» **Exercise details**
Transcribe only the part of the material below that begins at the line containing "关于分手的问题,他说他在感情里不会主动提分手,不愿意伤害女生,宁可自己被甩。" and ends at the line containing "Quand partir au", with both kept and images left out.

───── Exercise material

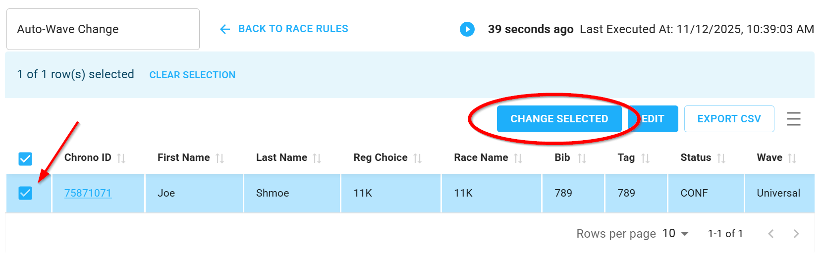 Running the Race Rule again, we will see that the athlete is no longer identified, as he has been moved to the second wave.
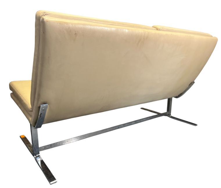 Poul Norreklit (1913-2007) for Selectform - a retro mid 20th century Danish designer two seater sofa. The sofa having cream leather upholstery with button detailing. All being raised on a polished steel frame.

──────────
───── Exercise material

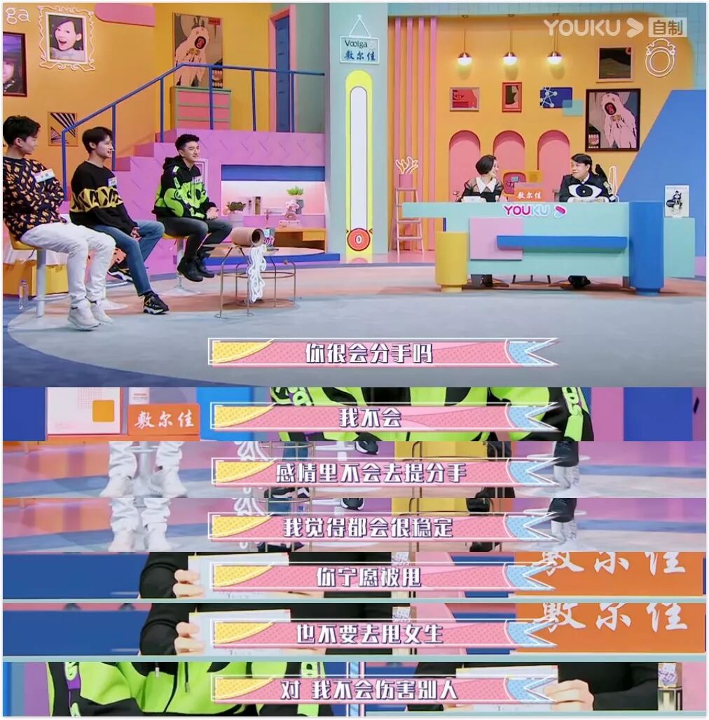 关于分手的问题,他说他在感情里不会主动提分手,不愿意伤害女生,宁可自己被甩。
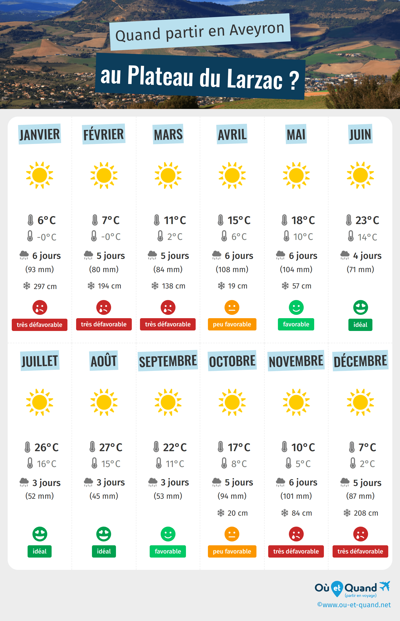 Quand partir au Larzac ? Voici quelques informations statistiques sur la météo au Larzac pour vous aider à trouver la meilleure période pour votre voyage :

──────────

» **Written solution**
 关于分手的问题,他说他在感情里不会主动提分手,不愿意伤害女生,宁可自己被甩。
 Quand partir au Larzac ? Voici quelques informations statistiques sur la météo au Larzac pour vous aider à trouver la meilleure période pour votre voyage :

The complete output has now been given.